Я позабыл, что мы были на грани ссоры. Теперь у меня появилось время над этим поразмыслить, но воспоминание о погибшем паруснике преследовало меня. Сгущавшийся мрак усиливал чувство безнадежности. Я впервые осознал, что такое смерть. Мысль о ней показалась мне невыносимой, и я покрепче привязал себя к мачте.
И все же, думал я, те, кто сразу утонул, куда счастливей нас. Они не сойдут с ума от одиночества, терзаемые стихиями. Мне уже мерещилось, как чайки выклевывают мне глаза — полубезумному, отравленному морской водой… Ах, набраться бы мужества и поплыть навстречу неминуемой гибели! Но я был слишком малодушен, чтобы оторваться от спасительной мачты. Хотя спасемся ли мы? Я презирал себя за то, что поддаюсь самообману.
Оптимизм моего спутника вызывал во мне жалость и недоумение. Ведь надо же так себя дурачить!
— А что случится, если мы собьемся с курса? — спросил я у него.
— Что случится с вами после того, как мы утонем, я не знаю. А мне придется где-нибудь начать сначала. Но мы на верном пути.
— Вам не трудно угодить, — сказал я почти примирительно, ибо убедился, что мой попутчик слегка помешан. Продолжать дискуссию было бесполезно.
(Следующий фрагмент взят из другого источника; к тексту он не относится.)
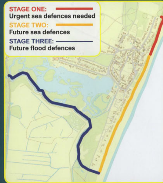
The map shows 3 areas of threat. The red line indicates a threat of erosion, the orange and blue lines, flooding.

The good news is that there is a solution. A rock armour defence spanning the north end will protect the beach, the land and the houses, and give us the opportunity to improve access and facilities for the enjoyment of all.
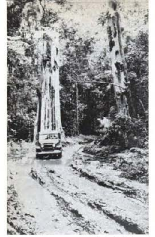
Both the importance and difficulties of air operations in Vietnam are shown here. Muddy trails and dense jungles hamper overland pursuit of guerrillas, but jungle growth obscures enemy moves from the air.

Operating over some of the world's worst terrain, where it's a tough job just to find the enemy, a small, select force of pilots, using a variety of aging equipment, defends the free-world frontier . . .
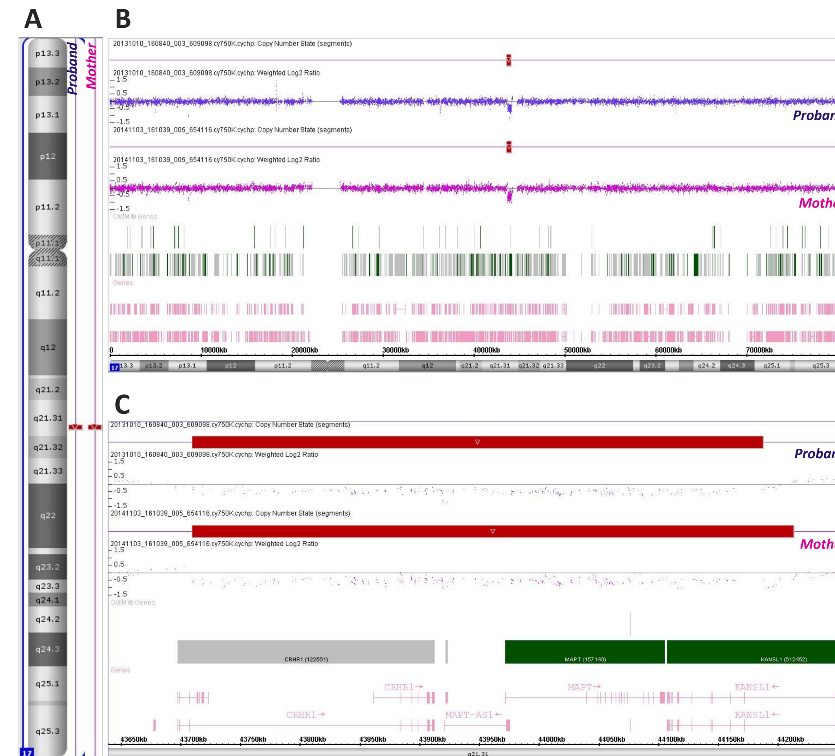
Figure 2. Array CGH results from proband and his mother. (A) view of chromosome 17 ideogram with focus on 17q21.31 microdeletion location; (B) view of oligonucleotides profiles over the entire chromosome 17 and (C) detailed view of the deletions, specifying affected genes.

The mother of the proband was studied at age 32, after the son diagnosis, by array CGH and a 503 Kb interstitial microdeletion at 17q21.31 (Chr17:43,710,150-44,213,434) was found and diagnosis was also concluded as KDVS. Results from array CGH are shown in Figure 2 and deleted genes are detailed in Table II.
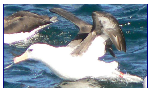
Black-browed Albatross – note red darvic ring on left leg

8/7/08: I recently managed to photograph a ringed Black-browed Albatross +- 140km SW of Walvis. Other interesting birds on the trip included 3 Spectacled Petrels, 2 Wandering Albatrosses and what was probably an Antarctic Prion. The following mail is the reply from Andy (British Antarctic Survey/BAS) who ringed the bird.
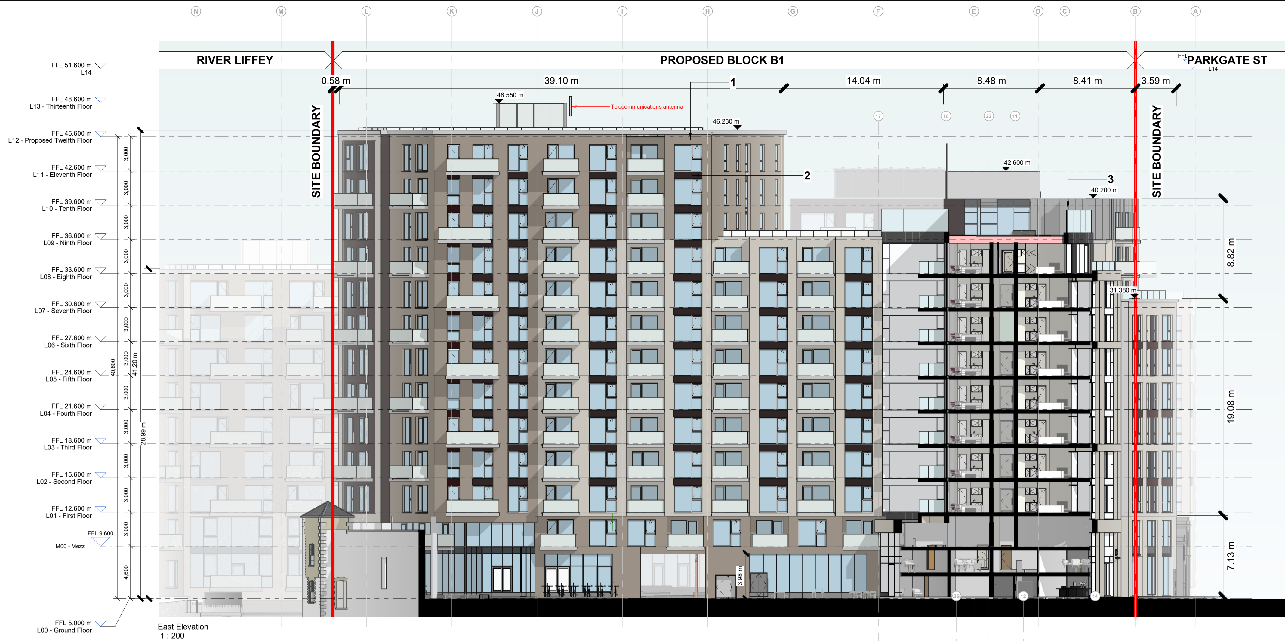
East Elevation 1 : 200
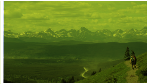
Table Mountain Trail
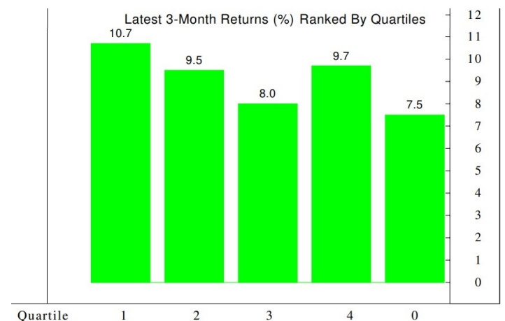
Figure 5 S&P 500 Stock Constituents* Ranked by

*Actual Historical Constituents. Returns through 9/30/2024
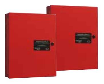
SK-PS6 and SK-PS10 Distributed Power Supplies

The SK-PS6 is a 6 amp and the SK-PS10 is a 10 amp, remote power supply with battery charger that may be connected to any 12 or 24 volt fire alarm control panel (FACP) or used as a standalone power supply. The PS Series provides 24 VDC power for NACs (notification appliance circuits) configured as either Class B or Class A (requires the ZNAC-PS optional card) with multiple sync protocol options.
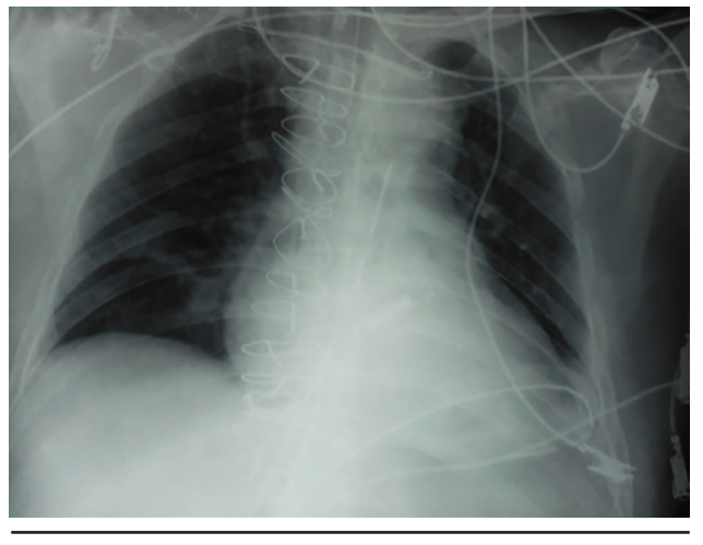
Figure 1. Baseline Chest x-Ray

Our patient was at a high risk of respiratory complications postoperatively. Specifically, he had a significantly long CPB duration due to his high operative severity and he was hemodynamically unstable during the early postoperative period with accompanying low cardiac output. Nevertheless, it is worth mentioning that our patient had a clear x-ray despite his severe and persistent hypoxemia on high FiO2 levels during his mechanical ventilatory support. He might have developed type IV respiratory failure, which occurs in the patients who are in shock or hypoperfusion states without the
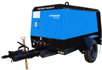
Diesel Portable Compressor
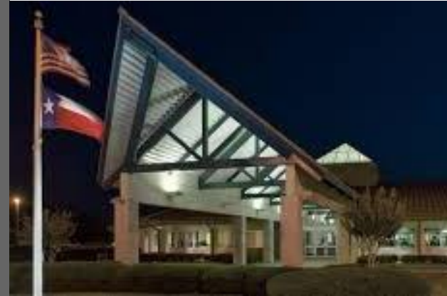
Monty Ballard YMCA at Cinco Ranch

Последние часы своей жизни я обречен провести в обществе безумца! Нелепейшее завершение всей моей несуразной жизни. Я был рад, когда совсем стемнело и черты лица Голиаса сделались неразличимы. С наступлением ночи он оставил меня в покое, и я без помехи мог предаться своему одиночеству.
Я и до того чувствовал, что зябну, но теперь продрог окончательно. Тьма была такая, что ни зги не видать. В кромешной мгле вода сливалась с небом. Целую ночь я провел во мраке, поглотившем стихии. Я страдал, но был уже не в состоянии осмыслить свои мучения. Наконец я задремал, просыпаясь, когда голова ударялась о мачту или когда в нос попадала вода. Не знаю, как долго длились эти муки. Наконец я пробудился, и мысли мои прояснились. Небо уже начинало светлеть.
Голиас претерпевал это чистилище уже вторую ночь. Однако глаза его не утратили живости, хотя он был бледен, как мертвец.
— Земля уже близко! — хрипло проговорил он.
— Не больше чем в миле, смею предположить? — Мне было трудно говорить. — Я не производил замеров.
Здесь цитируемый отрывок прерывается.